**ACTIVITY**
Among the lines below, restate word for word only those from the line with "Selling three paint" through the line with "Film negative showing", with both end lines kept.

**EXCERPTED RECORDS**

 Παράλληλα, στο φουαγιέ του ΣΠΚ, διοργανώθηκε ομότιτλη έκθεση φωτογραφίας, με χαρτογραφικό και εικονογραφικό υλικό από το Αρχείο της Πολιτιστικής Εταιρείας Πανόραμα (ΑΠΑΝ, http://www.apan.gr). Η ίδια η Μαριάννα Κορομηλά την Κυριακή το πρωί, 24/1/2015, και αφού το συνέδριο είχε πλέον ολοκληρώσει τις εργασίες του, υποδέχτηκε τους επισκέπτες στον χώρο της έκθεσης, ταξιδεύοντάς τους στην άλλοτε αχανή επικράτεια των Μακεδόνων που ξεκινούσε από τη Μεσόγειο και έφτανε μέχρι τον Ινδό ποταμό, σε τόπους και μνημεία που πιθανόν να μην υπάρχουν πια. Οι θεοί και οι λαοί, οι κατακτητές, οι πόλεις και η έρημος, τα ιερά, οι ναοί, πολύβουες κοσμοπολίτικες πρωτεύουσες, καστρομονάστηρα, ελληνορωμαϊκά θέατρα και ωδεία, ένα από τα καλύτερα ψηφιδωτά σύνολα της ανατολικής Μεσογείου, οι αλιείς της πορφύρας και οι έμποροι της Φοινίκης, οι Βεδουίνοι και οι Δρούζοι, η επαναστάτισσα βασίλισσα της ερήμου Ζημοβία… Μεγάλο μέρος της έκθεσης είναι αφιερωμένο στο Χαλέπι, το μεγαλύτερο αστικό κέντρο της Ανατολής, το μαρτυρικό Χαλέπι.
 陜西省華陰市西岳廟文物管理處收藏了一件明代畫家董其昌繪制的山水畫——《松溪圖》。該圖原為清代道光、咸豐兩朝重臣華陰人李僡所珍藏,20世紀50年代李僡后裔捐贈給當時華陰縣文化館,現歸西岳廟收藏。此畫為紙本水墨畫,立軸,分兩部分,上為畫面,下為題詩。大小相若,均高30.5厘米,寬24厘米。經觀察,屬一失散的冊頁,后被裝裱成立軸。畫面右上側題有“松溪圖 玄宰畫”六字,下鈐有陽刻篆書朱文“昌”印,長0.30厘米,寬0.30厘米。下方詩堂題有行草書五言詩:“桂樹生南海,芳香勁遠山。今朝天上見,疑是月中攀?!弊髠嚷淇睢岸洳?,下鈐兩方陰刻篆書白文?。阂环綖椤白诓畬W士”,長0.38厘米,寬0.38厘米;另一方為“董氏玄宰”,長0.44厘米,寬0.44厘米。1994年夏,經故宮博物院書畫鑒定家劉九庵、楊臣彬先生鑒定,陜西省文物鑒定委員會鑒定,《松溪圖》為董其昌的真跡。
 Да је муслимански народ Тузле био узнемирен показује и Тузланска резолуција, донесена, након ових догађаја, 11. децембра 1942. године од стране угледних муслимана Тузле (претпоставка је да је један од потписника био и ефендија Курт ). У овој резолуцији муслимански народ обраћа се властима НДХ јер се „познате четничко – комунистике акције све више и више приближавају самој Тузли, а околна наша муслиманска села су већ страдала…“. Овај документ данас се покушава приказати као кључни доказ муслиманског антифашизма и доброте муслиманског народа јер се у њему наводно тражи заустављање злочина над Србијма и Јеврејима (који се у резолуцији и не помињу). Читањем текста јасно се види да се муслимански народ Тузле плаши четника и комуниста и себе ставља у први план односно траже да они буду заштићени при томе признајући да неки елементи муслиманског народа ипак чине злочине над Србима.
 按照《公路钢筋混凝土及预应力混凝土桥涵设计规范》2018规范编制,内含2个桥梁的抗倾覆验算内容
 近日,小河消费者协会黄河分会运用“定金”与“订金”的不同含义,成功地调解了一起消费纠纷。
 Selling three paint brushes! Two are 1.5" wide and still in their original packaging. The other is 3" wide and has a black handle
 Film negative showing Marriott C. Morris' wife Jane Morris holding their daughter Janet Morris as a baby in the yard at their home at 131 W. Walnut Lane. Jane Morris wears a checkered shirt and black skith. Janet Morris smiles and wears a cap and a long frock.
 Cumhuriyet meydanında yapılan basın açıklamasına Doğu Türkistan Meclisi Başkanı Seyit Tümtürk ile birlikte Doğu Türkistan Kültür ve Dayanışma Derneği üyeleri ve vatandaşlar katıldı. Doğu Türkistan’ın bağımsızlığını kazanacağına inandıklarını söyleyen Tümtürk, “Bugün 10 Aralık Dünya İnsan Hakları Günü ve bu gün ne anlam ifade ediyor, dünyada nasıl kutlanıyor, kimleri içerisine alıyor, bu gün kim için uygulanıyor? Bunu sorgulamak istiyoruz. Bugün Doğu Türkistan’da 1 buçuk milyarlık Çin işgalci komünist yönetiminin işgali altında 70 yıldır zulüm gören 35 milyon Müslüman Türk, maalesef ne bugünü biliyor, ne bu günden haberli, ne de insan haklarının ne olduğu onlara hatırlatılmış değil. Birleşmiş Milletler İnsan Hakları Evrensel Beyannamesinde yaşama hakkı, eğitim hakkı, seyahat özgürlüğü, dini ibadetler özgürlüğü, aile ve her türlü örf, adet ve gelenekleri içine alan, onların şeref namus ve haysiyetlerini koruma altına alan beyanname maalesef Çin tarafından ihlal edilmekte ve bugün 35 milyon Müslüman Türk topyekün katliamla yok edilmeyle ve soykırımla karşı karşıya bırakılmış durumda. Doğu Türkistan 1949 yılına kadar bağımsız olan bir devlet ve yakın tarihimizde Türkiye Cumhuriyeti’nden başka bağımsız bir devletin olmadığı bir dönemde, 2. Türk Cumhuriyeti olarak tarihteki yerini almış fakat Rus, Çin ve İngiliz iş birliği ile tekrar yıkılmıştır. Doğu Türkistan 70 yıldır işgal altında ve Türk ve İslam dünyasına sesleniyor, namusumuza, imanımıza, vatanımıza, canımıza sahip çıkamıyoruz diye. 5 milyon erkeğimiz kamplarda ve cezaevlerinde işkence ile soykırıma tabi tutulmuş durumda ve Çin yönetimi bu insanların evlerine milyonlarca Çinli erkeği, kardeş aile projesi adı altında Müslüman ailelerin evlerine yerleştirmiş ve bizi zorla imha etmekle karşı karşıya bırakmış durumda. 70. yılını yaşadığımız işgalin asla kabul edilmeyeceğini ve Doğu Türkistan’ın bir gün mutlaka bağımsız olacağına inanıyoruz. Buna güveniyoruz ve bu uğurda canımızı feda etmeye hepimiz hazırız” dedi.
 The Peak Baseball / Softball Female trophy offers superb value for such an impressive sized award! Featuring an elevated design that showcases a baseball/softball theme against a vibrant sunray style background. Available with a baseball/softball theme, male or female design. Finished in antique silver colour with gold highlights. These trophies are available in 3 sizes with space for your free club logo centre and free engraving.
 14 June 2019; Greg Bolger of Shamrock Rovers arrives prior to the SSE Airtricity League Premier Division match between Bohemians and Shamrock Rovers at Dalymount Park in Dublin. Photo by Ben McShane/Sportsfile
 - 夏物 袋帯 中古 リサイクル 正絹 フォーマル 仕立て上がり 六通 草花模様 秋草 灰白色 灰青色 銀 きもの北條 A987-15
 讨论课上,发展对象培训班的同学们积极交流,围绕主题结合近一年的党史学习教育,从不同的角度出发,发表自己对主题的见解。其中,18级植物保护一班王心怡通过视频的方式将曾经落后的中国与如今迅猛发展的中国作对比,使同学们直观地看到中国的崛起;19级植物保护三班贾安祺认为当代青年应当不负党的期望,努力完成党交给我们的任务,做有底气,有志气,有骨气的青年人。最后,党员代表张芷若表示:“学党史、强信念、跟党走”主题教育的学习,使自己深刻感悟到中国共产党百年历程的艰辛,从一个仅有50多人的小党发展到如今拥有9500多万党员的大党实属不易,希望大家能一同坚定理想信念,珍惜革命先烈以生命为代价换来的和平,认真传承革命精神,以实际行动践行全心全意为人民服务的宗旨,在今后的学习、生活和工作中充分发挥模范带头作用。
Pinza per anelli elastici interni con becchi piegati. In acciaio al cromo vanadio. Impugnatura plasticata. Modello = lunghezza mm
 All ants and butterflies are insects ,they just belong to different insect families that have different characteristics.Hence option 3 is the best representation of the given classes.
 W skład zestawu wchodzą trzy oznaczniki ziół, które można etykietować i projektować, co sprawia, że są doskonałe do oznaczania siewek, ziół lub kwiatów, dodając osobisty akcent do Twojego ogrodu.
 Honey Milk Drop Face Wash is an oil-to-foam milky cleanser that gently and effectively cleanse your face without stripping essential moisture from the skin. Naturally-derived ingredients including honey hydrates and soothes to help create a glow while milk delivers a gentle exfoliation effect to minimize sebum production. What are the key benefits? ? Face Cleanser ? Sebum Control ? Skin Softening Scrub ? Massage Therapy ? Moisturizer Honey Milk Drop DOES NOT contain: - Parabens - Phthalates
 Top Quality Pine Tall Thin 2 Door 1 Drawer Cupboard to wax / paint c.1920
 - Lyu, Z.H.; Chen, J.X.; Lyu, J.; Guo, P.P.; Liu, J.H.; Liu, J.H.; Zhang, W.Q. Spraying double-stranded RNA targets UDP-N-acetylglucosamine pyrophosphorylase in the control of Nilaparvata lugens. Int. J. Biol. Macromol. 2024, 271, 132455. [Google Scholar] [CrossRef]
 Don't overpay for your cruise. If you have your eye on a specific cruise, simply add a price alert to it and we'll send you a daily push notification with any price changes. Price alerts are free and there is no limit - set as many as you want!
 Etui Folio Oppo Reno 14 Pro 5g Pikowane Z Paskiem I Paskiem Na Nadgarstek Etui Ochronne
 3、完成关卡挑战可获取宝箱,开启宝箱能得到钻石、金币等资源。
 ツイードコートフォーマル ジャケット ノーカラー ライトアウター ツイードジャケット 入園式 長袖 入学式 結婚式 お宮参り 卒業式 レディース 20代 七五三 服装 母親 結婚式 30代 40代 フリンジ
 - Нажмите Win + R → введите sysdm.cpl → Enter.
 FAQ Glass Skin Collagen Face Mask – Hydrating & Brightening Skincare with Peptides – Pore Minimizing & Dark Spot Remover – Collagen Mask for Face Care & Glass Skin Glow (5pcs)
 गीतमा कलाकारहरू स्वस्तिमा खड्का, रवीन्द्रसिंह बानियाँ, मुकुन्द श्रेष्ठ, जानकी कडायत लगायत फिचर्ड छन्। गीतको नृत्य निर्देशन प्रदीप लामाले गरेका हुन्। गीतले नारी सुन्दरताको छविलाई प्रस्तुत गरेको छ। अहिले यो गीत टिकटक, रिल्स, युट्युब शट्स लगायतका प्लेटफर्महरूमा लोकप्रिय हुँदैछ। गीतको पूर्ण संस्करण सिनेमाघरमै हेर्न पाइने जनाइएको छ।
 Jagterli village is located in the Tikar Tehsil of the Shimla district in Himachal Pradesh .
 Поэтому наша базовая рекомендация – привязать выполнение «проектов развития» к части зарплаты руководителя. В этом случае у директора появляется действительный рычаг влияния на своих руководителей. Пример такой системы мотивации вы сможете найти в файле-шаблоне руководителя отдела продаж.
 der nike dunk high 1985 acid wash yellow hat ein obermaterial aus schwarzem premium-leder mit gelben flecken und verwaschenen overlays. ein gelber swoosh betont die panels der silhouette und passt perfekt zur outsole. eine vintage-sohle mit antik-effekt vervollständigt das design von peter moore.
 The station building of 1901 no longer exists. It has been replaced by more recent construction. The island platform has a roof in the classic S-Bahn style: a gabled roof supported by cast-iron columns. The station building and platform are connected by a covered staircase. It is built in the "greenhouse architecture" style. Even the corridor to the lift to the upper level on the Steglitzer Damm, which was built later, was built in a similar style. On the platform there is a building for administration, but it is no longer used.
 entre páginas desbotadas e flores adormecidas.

**EXPECTED OUTPUT**
 Selling three paint brushes! Two are 1.5" wide and still in their original packaging. The other is 3" wide and has a black handle
 Film negative showing Marriott C. Morris' wife Jane Morris holding their daughter Janet Morris as a baby in the yard at their home at 131 W. Walnut Lane. Jane Morris wears a checkered shirt and black skith. Janet Morris smiles and wears a cap and a long frock.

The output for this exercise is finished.